The head of NATO, Anders Fogh Rasmussen, said this morning that he
expects "substantially more forces" for Afghanistan to be announced "in
a few weeks," though he too emphasized that the troop increase is part
of a wider plan to hand over power to the Afghans (AFP, Reuters).
And Iran's foreign minister said yesterday that a regional approach to
help "solve" Afghanistan is needed, citing Lebanon as an example (AFP).
Yesterday's
rocket attack on a bazaar northeast of Kabul that resulted in the death
of 12 civilians and was presumably aimed at a nearby meeting of local
leaders and French military forces highlights insecurity in eastern
Afghanistan, according to a provincial police chief (AP, New York Times, AP, Pajhwok).
A Taliban spokesman denied responsibility for the attack, which is not
uncommon in cases that result in civilian casualties. An account of a
battle between coalition forces with attack helicopters and Taliban
militants in the eastern Afghan province of Zabul illustrates some of
the details of war, and some Afghan interpreters working with British troops
claim they are being "abandoned" after being wounded (McClatchy, Telegraph).
Into the caves
The
Pakistani Army flew journalists this morning to Sararogha, a key
strategic town in South Waziristan, on the one-month mark of the
military operations to announce that the army has secured "major town
and population centers" and killed more than 550 militants (Reuters, AFP, Geo TV, Pajhwok).
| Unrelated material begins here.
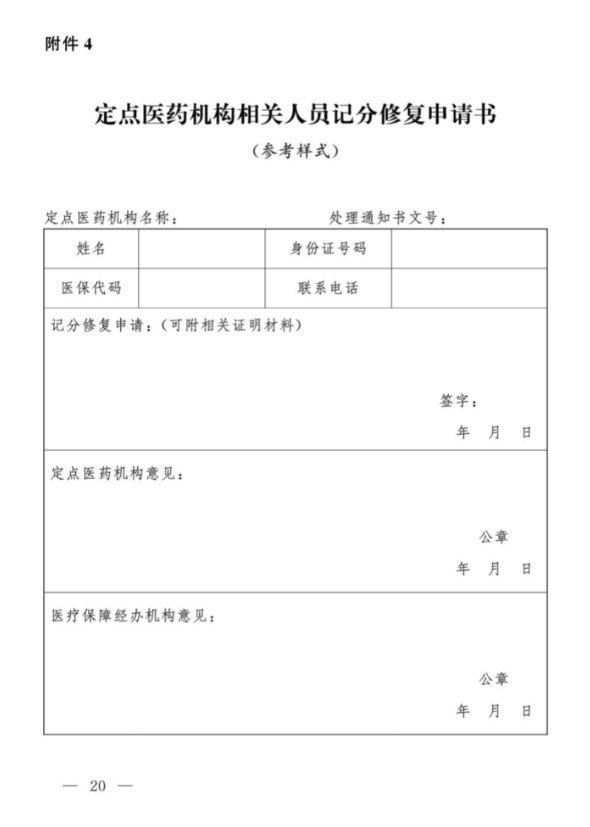 4.定点医药机构相关人员记分修复申请书

Independent verification of claims in the region is all but impossible
because reporters and aid workers are barred from the region except on
occasional guided trips, and a Pakistani spokesman warned that Taliban
fighters have escaped into neighboring tribal agencies. The chief of
the Taliban in the Swat Valley, Maulana Fazlullah, told BBC Urdu that
he has also safely escaped to Afghanistan (BBC).
A
bomb today targeting a local police chief in Quetta, the capital of
Pakistan's southern Baluchistan province, has killed one and wounded
about eight others, demonstrating militants' reach across the country,
though the attack has not yet been claimed; Baluchi nationalists and
the Taliban are active in the area (BBC, Dawn, AP, Geo TV, Pajhwok).
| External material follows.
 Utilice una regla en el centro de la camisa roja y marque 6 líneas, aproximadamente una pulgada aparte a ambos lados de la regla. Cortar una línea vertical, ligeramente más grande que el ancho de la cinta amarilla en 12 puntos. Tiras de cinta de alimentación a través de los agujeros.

Quetta police later arrested three alleged potential suicide bombers,
aged 17 to 27, and recovered a large cache of explosives and weapons (Dawn).
Taliban
militants blew up a girls' school in Khyber earlier today, the third
such attack in a month, underlining the extremists' continued targeting
of education in the country (AFP, Dawn, Pajhwok).
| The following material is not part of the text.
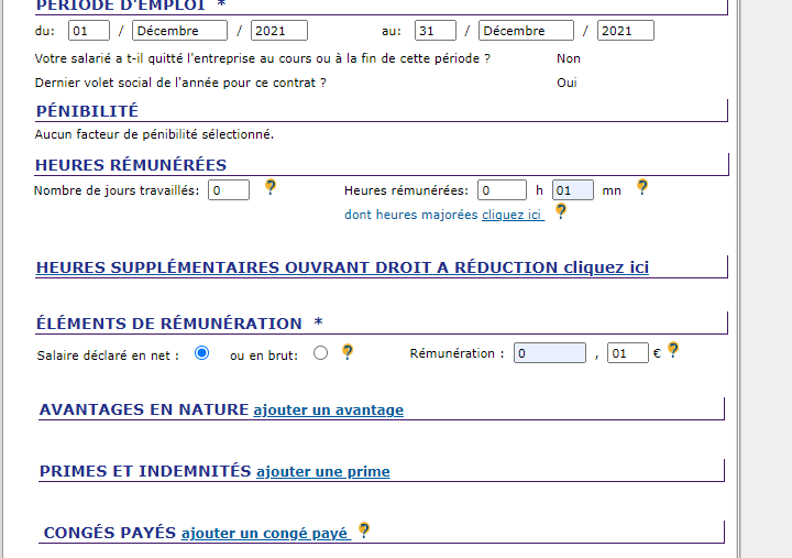 Simplement, remplissez les cases en question par 01 minute et 01 cents en cochant la case Salaire déclaré en net.

Militants have destroyed hundreds of schools, mostly for girls, in
recent years. And increasing violence in Punjab, home to Pakistan's
biggest bank and generating more than half of the country's economic
growth, has investors and businessmen worried (Bloomberg).
Top chef: Afghanistan
An
American chef at a base in Kandahar, in Afghanistan's insurgency-ridden
south, is a long way from his previous career in the Ritz Carlton in
Orlando, FL (ABC News).
Though half a world away, soldiers in Kandahar say they feel more at
home because of days like "Soul Food Thursdays" in Afghanistan.